Meine Frage ist jetzt welchen Steuersatz kann ich verwenden? Ich möchte die Geometrie des Rades gleich/ähnlich wie bei meinem 2012er haben. D.h. eine integrierter unterere Steuersatzteil "kommt nicht in frage", da ich sonst zu tief werde. Den alten ausschlagen und neu einpressen will ich noch nicht, zuerst möchte ich mal mein theoretischen Möglichkeiten wissen.

Vielleicht kann mir da jemand helfen. 

Danke und lg aus Graz,
Florian


----------



## ofi (19. August 2015)

Ich würde bei H&S in der Werkstatt nachfragen, die sollten genau wissen welches Maß du brauchst. 
Du hast doch mit der Gabel eh nen Zentimeter mehr Federweg, denke damit hättest du schon den Ausgleich. In die Gabel (fox Talas?)passt auch 650b - kannst du auch in Betracht ziehen...


----------



## MTB-News.de




----------



## flocksi (19. August 2015)

ofi schrieb:


> Du hast doch mit der Gabel eh nen Zentimeter mehr Federweg, denke damit hättest du schon den Ausgleich.


Die Gabel ist eine 2013 Revelation RLT 150 Dual Position.
Ausgleich habe ich keinen, wenn ich einen IS Steuersatz unten verbaue.

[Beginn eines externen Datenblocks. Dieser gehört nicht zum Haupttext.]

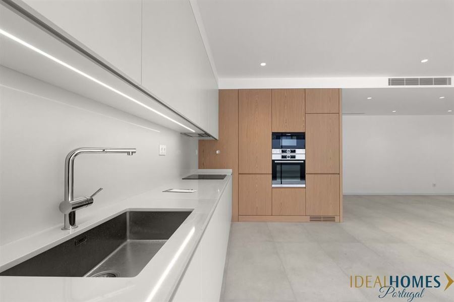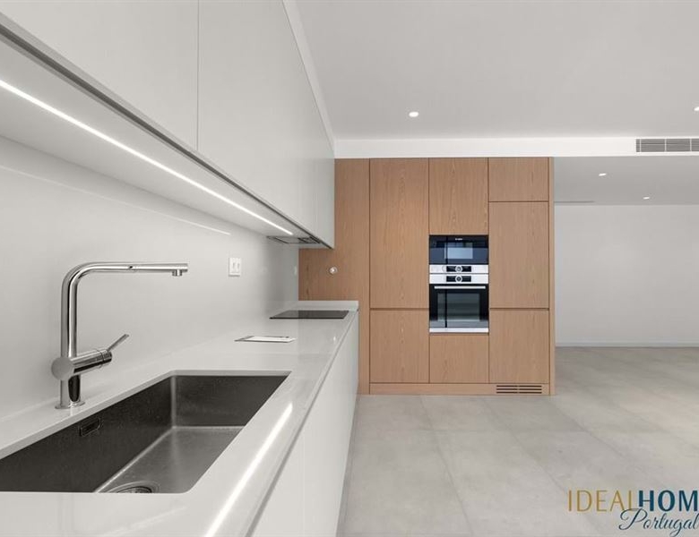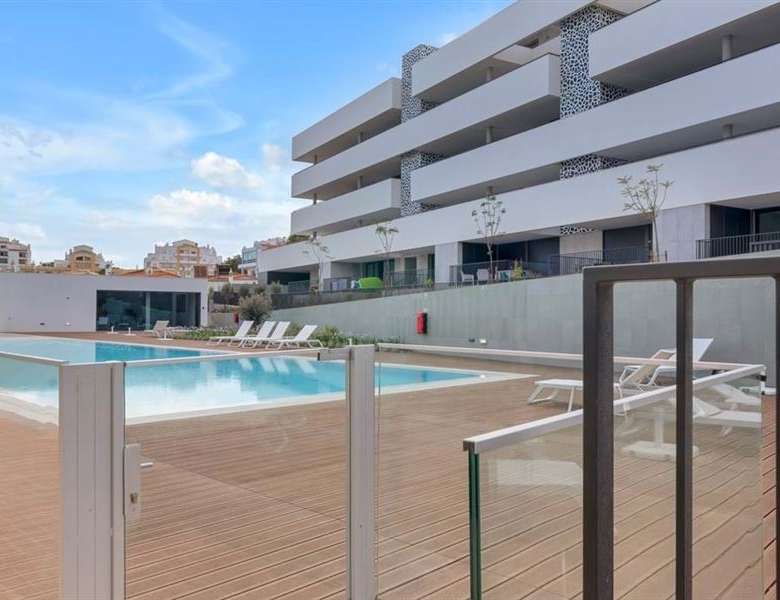 This luxury two bedroom apartment is located on a brand-new development in a scenic area of Lagos, in the western Algarve. A short two minute drive from the beach, and close to the historic city centre, this is a highly-sought after position. This apartment comprises an open plan living/dining are, a very large terrace, 2 bedrooms with fitted wardrobes, along with underfloor heating throughout. As to be expected from such a prestigious developer, the apartment has luxury finishes throughout from the fully equipped kitchen, which offers high quality appliances such as ceramic hob, oven, microwave, refrigerator, dishwasher, washing machine and extractor fan already installed. Residents also benefits from exclusive access to a large communal swimming pool complete with sun beds and lounge spaces, all surrounded by landscaped garden areas, sauna and gym, plus an underground private parking space.

Da verliere ich ja ca. 1cm gegenüber EC. Möchte ja genau die gleiche Höhe haben wie bisher.


----------



## BockAufBiken (19. August 2015)

Also ob mit einer externen, unteren Lagerschale die Geo so wird wie bei deinem alten Rahmen, kann ich dir nicht sagen. Könnte mir aber vorstellen, dass die Rahmengeo von 2012 bis 2015 eh schon verändert hat.

Wenn ich das richtig sehe, hat das 2015 ein tapered Steuerrohr. D.h. die unter Lagerschale muss 1.5" haben und die obere 1.8". Ob dann extern oder Semi-integriert kannst du dir aussuchen. Mit den Angaben, sollteste eigentlich was passendes finden.

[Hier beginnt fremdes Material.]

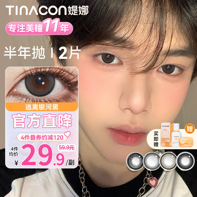 媞娜tina缇娜美瞳半年抛彩色隐形眼镜黑色美瞳小直径带度数日常男士 镜光棕14.2mm 100度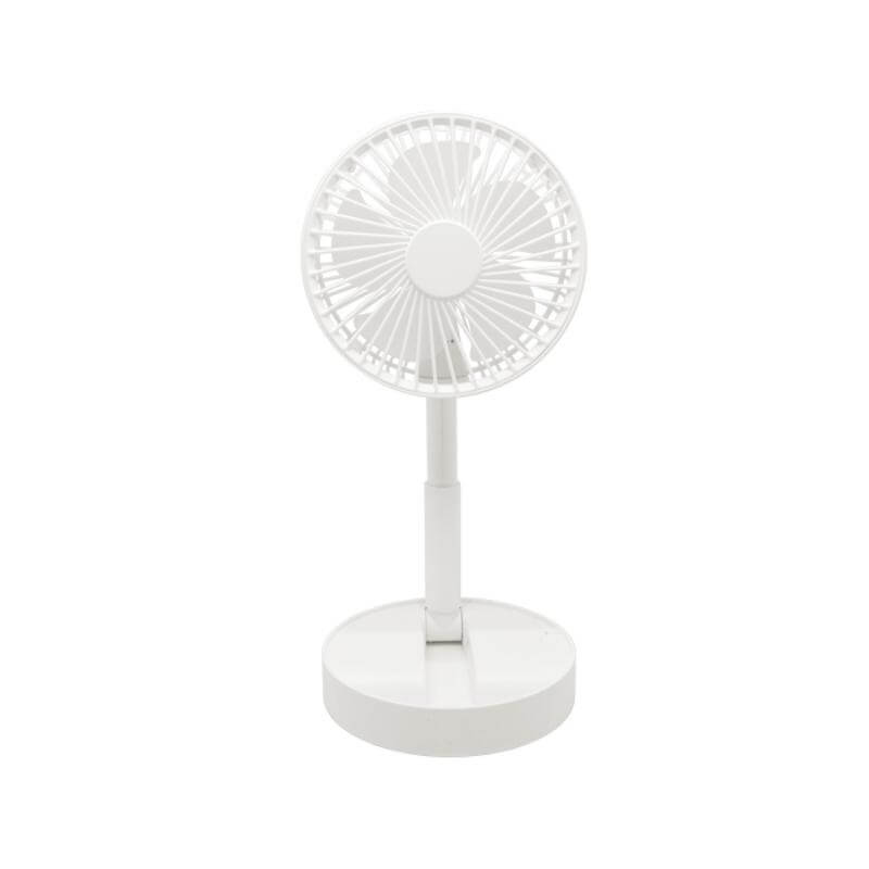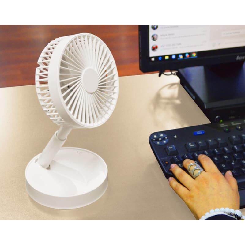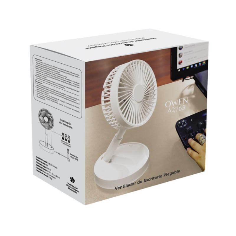 Ventilador plegable ideal para interior o exterior. Cuenta con botón de encendido, presiona el botón y cambia la velocidad del aire en 3 diferentes intensidades. Cuerpo plegable que permite el movimiento del ventilador para ajustar la dirección del aire. Recarga mediante conexión USB, es plegable y ligero para que puedas llevarlo o guardarlo fácilmente. Incluye cable de carga. Presentación: caja de regalo a color.

Guck mal z.B. hier. Wie groß die Einpresstiefe sein darf, müssteste auch mal nachmessen.


----------



## Vincy (19. August 2015)

Der alte Steuersatz passt da nicht.
Beim neuen Rahmen ist tapered *Oben* *ZS44/28,6 *und *Unten* *IS52/40*. 
http://www.acros.de/PRODUKTE/STEUERSATZ:::3_91.html
Umwerfer ist da Directmount High.
http://www.radon-bikes.de/bikes/mountainbike/all-mountain/slide-26/slide-26-le/


----------



## flocksi (19. August 2015)

Vincy schrieb:


> Der alte Steuersatz passt da nicht.
> Beim neuen Rahmen ist tapered *Oben* *ZS44/28,6 *und *Unten* *IS52/40*.


Danke mal für die Info.
Gibt es auch einen EC52/40 für unten? Das habe ich bei Acros nicht gefunden.


----------



## Vincy (19. August 2015)

Gibt es nicht. Es gibt vereinzelt spezielle höhere Gabelkonusse oder Unterlegspacer.

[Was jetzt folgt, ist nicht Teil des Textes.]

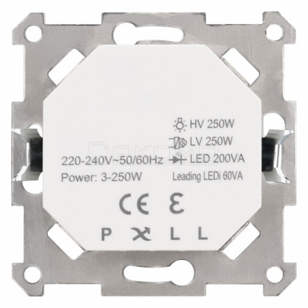 управление яркостью с помощью роторного вращателя,имеет DIP-переключатель для выбора режима работы Leading Edge / Trailing Edge, диммирование по переднему и заднему фронту, не требует подключения N провода, возможна работа с любым источником света, поддерживающим фазное диммирование, есть регулировка ограничения минимального и максимального уровня яркости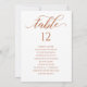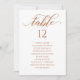 Modern and elegant design printed Burnt Orange Calligraphy Script Table Number Seating Chart Cards that can be customized with your text and add each table number card to your cart, one by one. Please click the "Customize it" button and use our design tool to modify this template. Check out the Graphic Art Design store for other products that match this design!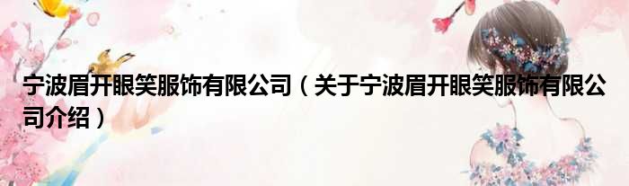寧波眉開眼笑服飾有限公司(關于寧波眉開眼笑服飾有限公司介紹)
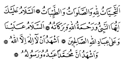 Dil ile, beden ve mal ile yapılan bütün ibadetler Allah'a dır. Ey Peygamber! Allah'ın selamı, rahmet ve bereketleri senin üzerine olsun. Selam bizim üzerimize ve Allah'ın bütün iyi kulları üzerine olsun. Şahitlik ederim ki, Allah'tan başka ilah yoktur. Yine şahitlik ederim ki, Muhammed, O'nun kulu ve Peygamberidir.

zB ein Crown-Unterlegspacer von Specialized (Stumpi FSR 650b 2015)
http://www.specialized.com/de/de/bikes/mountain/stumpjumper-fsr/stumpjumper-fsr-comp-evo-650b


----------



## tane (20. August 2015)

& was is mit einem spacer unterm vorbau?


----------



## flocksi (20. August 2015)

@Vincy - Danke für die Infos

@tane - Das würde zwar die Lenkerhöhe gleich machen, aber die Radgeometrie nicht so wie ich es will, oder vom 2012er gewöhnt bin.


----------



## tane (20. August 2015)

sitzwinkel wär steiler, der lenkwinkel v neuen rahmen is vlt eh flacher als v alten...
workscomponents hatte übrigens einen EC-anglest f IS52 ("canyon fitment":
http://www.workscomponents.co.uk/10...teerer-tube-headset--canyon-fitment-260-p.asp
(die einpresstiefe is halt net sehr groß...)


----------



## tane (20. August 2015)

mein 2012er slide ed hatte übrigens x12 hinten...


----------



## MTB-News.de




----------



## flocksi (21. August 2015)

tane schrieb:


> workscomponents hatte übrigens einen EC-anglest f IS52 ("canyon fitment":
> http://www.workscomponents.co.uk/10...teerer-tube-headset--canyon-fitment-260-p.asp
> (die einpresstiefe is halt net sehr groß...)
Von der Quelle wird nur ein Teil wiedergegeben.